*YOUR OBJECTIVE:* All pictures must be left out as you transcribe the lines from the first line of the data to the line containing "Scooby Doo themed", both included.

*DATA FOR THIS TASK:*
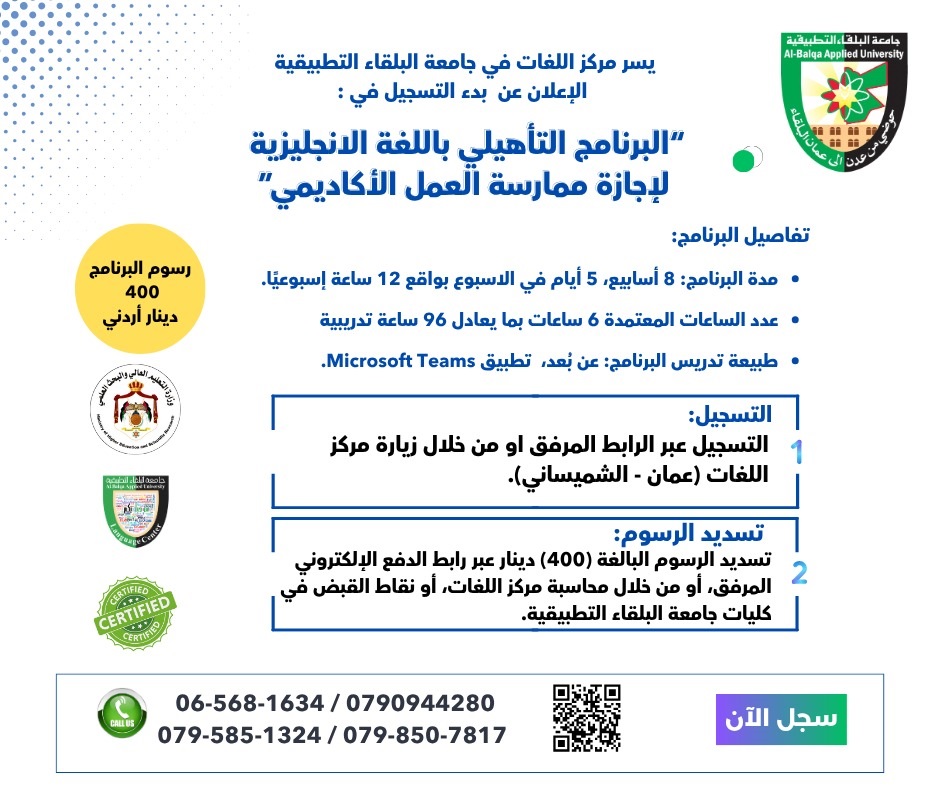 يُعلن مركز اللغات – جامعة البلقاء التطبيقية عن فتح باب التسجيل في:
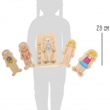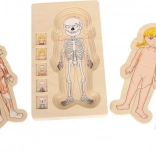 Lesene slojevite puzzle anatomije so idealna izobraževalna igrača za otroke od 3 let naprej. S štirimi zaporednimi plastmi se otroci naučijo, kako je zgrajeno človeško telo – od skeleta, prek organov in mišic do oblačil. Vsaka plast je sestavljena iz 7 koščkov, ki natančno prilegajo drug k drugemu in motivirajo k ponovnemu sestavljanju.
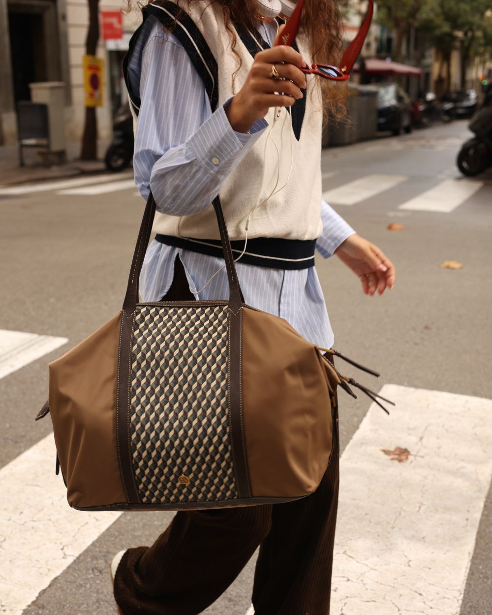 The Shopper Bag XL Lite Born Souris from the Lite collection of Lonbali, your Spanish handbags brand, is characterized by its large size, lightness and exclusive design, highlighting the iconic central stripe with the print, which gives it a unique and elegant touch. Bornprint, which gives it a unique and elegant touch. With a timeless and versatile style, it is perfect for long getaways and trips, thanks to its ample storage space. You can carry it over the shoulder or cross-body with its adjustable shoulder strap, ideal for carrying it comfortably.
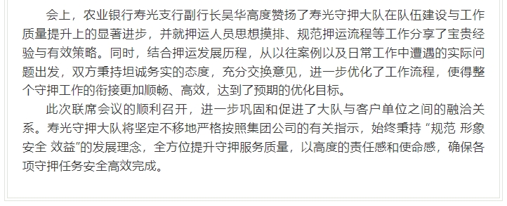 壽光守押大隊(duì)與農(nóng)業(yè)銀行壽光支行召開2025年第一季度工作聯(lián)席會
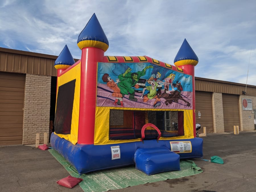 Scooby Doo themed banner will be on your choice of Large Bounce House (15x15)
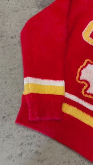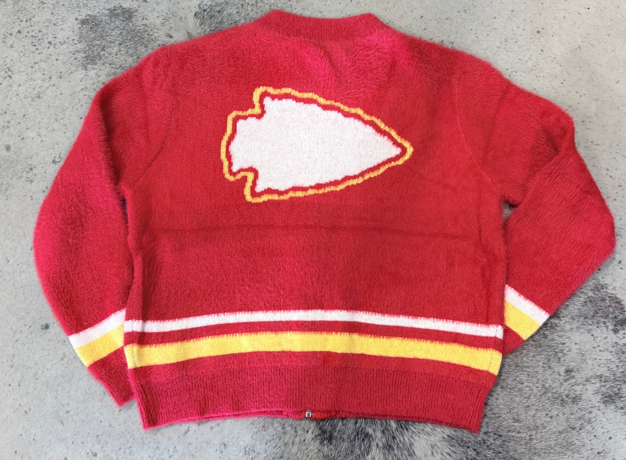 Experience ultimate coziness in our Chiefs Fuzzy Zip-Up Sweater. With its super soft and fuzzy fabric, you'll feel like you're wrapped in a cloud. Designed to fit sizes 0-16, it's perfect for everyone. But hurry - this exclusive design won't last long!
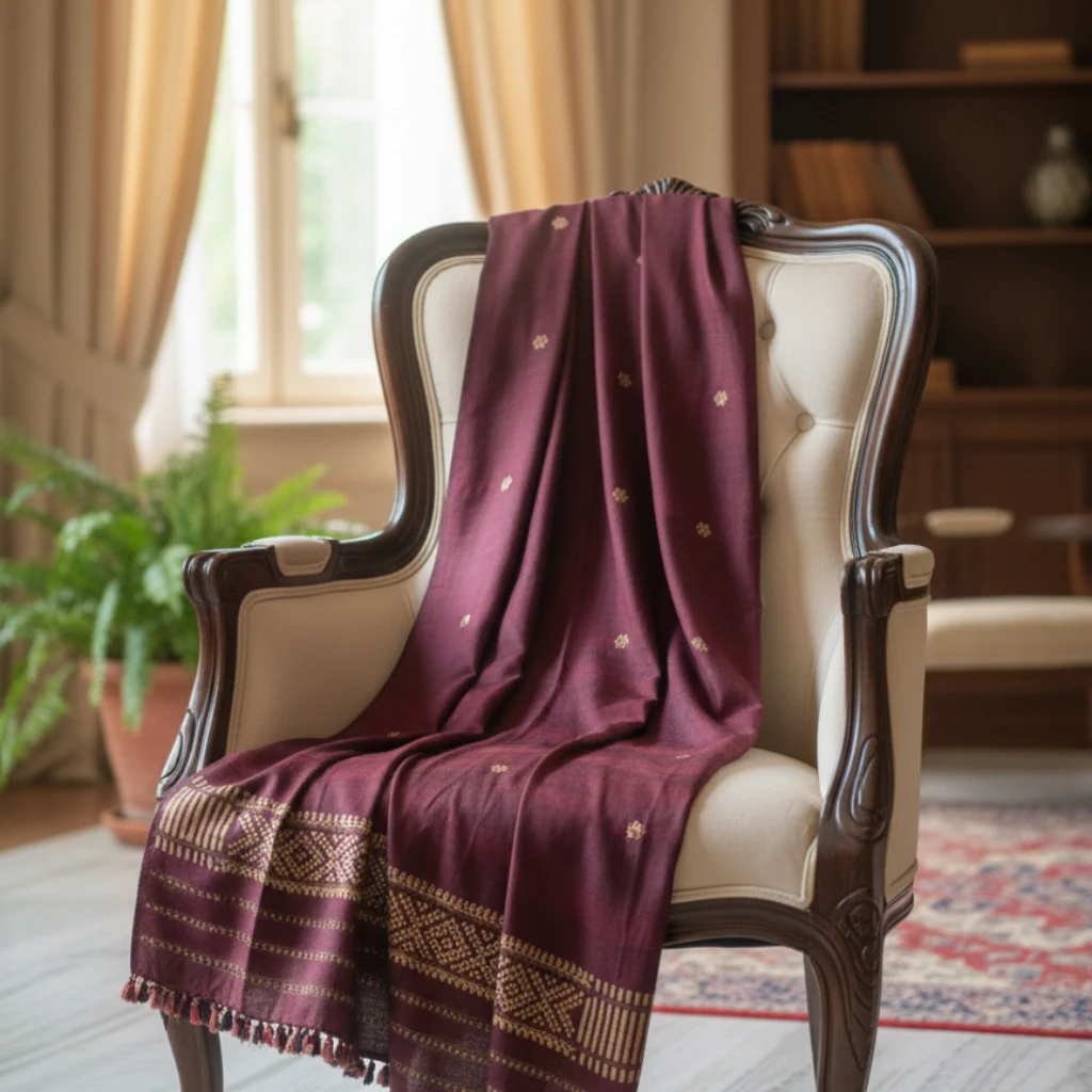 Wrap yourself in the subtle sophistication of Ruby Woven Whisper, a luxurious handloom Stole that fuses tradition with understated opulence. Woven from a rich maroon silk blend, this elegant piece features delicate golden zari work in a checkered diamond motif—symbolizing harmony and regal symmetry.
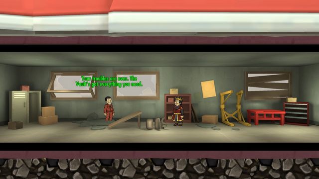 Fallout Shelter powstało jako gra mobilna i to czuć. Z jednej strony to lekka i miła produkcja, która nie odstraszy nikogo ani poziomem trudności, ani przesadnie wysokimi wymagania sprzętowymi. Niestety, są też cechy, które na pecetach sprawdzają się dość przeciętnie. Zacznijmy od początku – rozwijanie schronu przez pierwszych parę godzin nie jest porywające. Na urządzeniu mobilnych po prostu zaglądamy co jakiś czas do krypty, tapujemy w pomieszczenia, stawiamy nowe i wychodzimy. Sposób grania w stylu: wejdź, poklikaj i zamknij aplikację nie sprawdza się tak dobrze na PC, gdzie oczekujemy od gry wzbudzenia w graczach większego zaangażowania. A w Shelter na początku często po prostu nie mamy co robić: czekamy na wyprodukowanie zasobów lub dotarcie wysłanych na powierzchnię mieszkańców do celu, a to potrafi trwać całymi godzinami. Ten nudnawy prolog na szczęście z czasem się rozkręca. Im więcej mamy mieszkańców, tym więcej wypraw na powierzchnię możemy przedsięwziąć, a i zwykłe zarządzenie schronem trwa coraz dłużej. To nie jest gra dla niecierpliwych, bo błyszczeć zaczyna dopiero po kilku, a nawet kilkunastu godzinach. Dobrze chociaż, że te możemy spędzić częściowo robiąc coś innego, aplikację po prostu minimalizując i zaglądając do niej tylko od czasu do czasu.

*ANSWER SECTION:*
 يُعلن مركز اللغات – جامعة البلقاء التطبيقية عن فتح باب التسجيل في:
 Lesene slojevite puzzle anatomije so idealna izobraževalna igrača za otroke od 3 let naprej. S štirimi zaporednimi plastmi se otroci naučijo, kako je zgrajeno človeško telo – od skeleta, prek organov in mišic do oblačil. Vsaka plast je sestavljena iz 7 koščkov, ki natančno prilegajo drug k drugemu in motivirajo k ponovnemu sestavljanju.
 The Shopper Bag XL Lite Born Souris from the Lite collection of Lonbali, your Spanish handbags brand, is characterized by its large size, lightness and exclusive design, highlighting the iconic central stripe with the print, which gives it a unique and elegant touch. Bornprint, which gives it a unique and elegant touch. With a timeless and versatile style, it is perfect for long getaways and trips, thanks to its ample storage space. You can carry it over the shoulder or cross-body with its adjustable shoulder strap, ideal for carrying it comfortably.
 壽光守押大隊(duì)與農(nóng)業(yè)銀行壽光支行召開2025年第一季度工作聯(lián)席會
 Scooby Doo themed banner will be on your choice of Large Bounce House (15x15)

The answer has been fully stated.